### What you have to do
Set down exactly, from the records below, the line with "За окном зима, а" through the line with "V našem servisu", and nothing else.

### Records supplied

-*-*-

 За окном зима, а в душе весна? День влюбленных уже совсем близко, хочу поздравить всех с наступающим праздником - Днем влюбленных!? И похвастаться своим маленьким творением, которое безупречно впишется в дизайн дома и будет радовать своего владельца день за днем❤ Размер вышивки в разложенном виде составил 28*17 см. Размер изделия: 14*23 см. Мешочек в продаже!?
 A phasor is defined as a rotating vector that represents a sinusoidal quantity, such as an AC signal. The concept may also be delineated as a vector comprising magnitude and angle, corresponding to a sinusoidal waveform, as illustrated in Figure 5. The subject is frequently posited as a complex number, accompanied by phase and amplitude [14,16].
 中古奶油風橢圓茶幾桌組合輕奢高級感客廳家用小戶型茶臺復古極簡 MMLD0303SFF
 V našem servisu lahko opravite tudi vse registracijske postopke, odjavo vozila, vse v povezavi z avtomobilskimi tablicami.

-*-*-

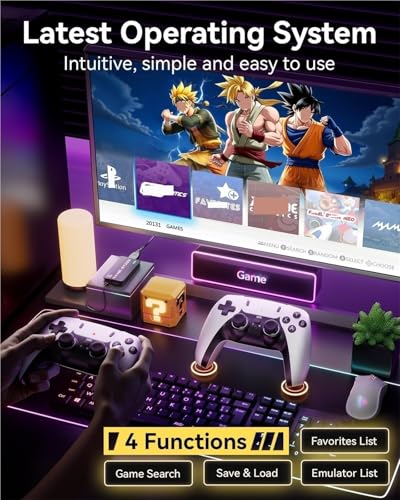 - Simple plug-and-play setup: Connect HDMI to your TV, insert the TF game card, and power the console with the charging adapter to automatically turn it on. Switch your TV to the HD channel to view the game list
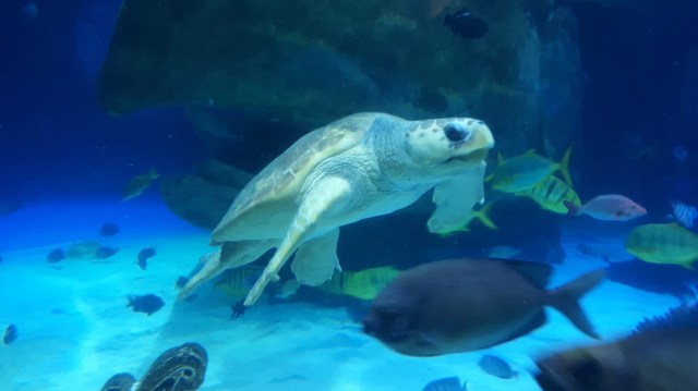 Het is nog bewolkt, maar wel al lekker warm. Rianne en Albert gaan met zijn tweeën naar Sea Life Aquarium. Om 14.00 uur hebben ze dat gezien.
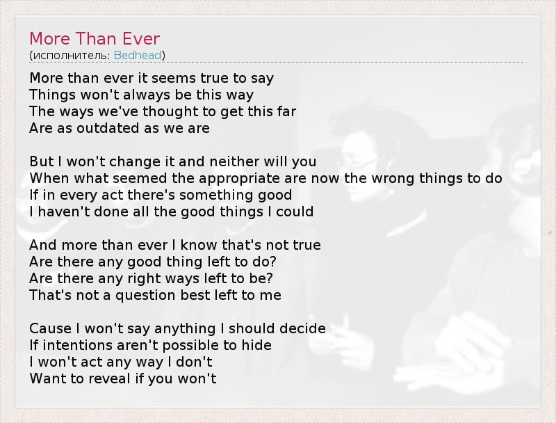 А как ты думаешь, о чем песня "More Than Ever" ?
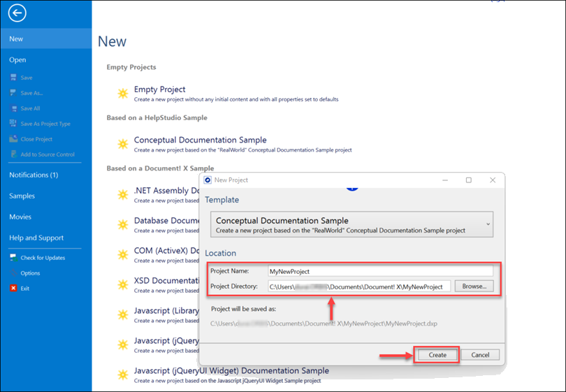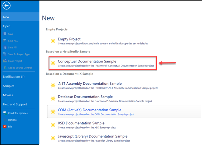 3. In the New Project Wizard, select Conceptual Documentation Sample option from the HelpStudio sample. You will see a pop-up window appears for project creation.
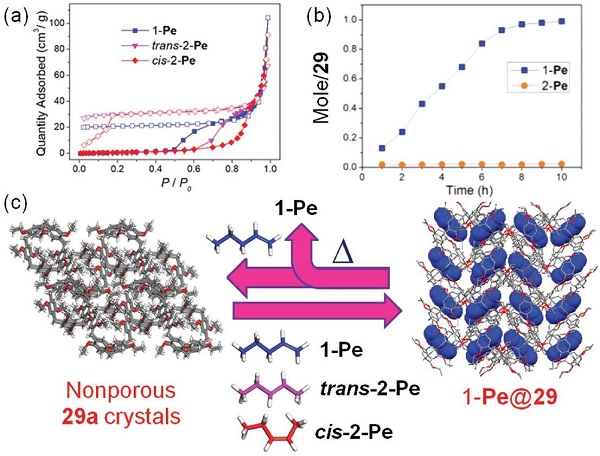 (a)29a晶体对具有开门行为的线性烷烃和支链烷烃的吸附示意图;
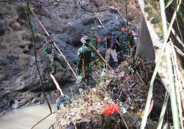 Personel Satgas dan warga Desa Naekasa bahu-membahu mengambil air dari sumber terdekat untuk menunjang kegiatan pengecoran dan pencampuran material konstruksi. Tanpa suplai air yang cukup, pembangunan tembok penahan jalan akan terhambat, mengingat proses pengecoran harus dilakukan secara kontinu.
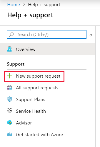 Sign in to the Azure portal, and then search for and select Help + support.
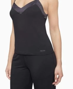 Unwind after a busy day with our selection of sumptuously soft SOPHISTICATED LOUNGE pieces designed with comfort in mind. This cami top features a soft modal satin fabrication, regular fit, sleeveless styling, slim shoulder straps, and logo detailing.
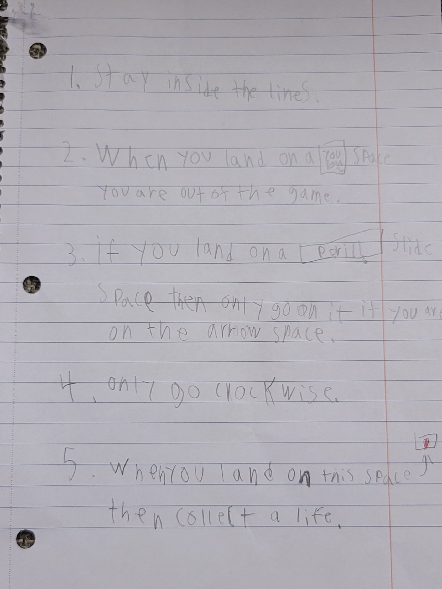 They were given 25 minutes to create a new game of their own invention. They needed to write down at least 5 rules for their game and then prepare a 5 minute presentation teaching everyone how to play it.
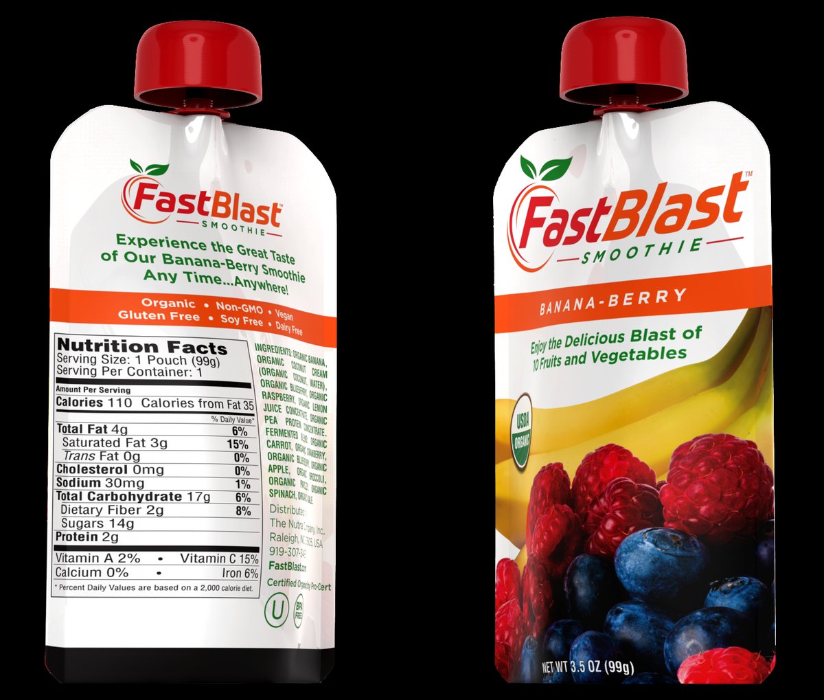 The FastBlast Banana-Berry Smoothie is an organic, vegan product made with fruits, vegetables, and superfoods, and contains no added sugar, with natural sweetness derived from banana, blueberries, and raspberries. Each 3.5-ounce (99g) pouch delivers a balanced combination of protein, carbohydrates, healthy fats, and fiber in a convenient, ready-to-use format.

-*-*-

### Task solution
 За окном зима, а в душе весна? День влюбленных уже совсем близко, хочу поздравить всех с наступающим праздником - Днем влюбленных!? И похвастаться своим маленьким творением, которое безупречно впишется в дизайн дома и будет радовать своего владельца день за днем❤ Размер вышивки в разложенном виде составил 28*17 см. Размер изделия: 14*23 см. Мешочек в продаже!?
 A phasor is defined as a rotating vector that represents a sinusoidal quantity, such as an AC signal. The concept may also be delineated as a vector comprising magnitude and angle, corresponding to a sinusoidal waveform, as illustrated in Figure 5. The subject is frequently posited as a complex number, accompanied by phase and amplitude [14,16].
 中古奶油風橢圓茶幾桌組合輕奢高級感客廳家用小戶型茶臺復古極簡 MMLD0303SFF
 V našem servisu lahko opravite tudi vse registracijske postopke, odjavo vozila, vse v povezavi z avtomobilskimi tablicami.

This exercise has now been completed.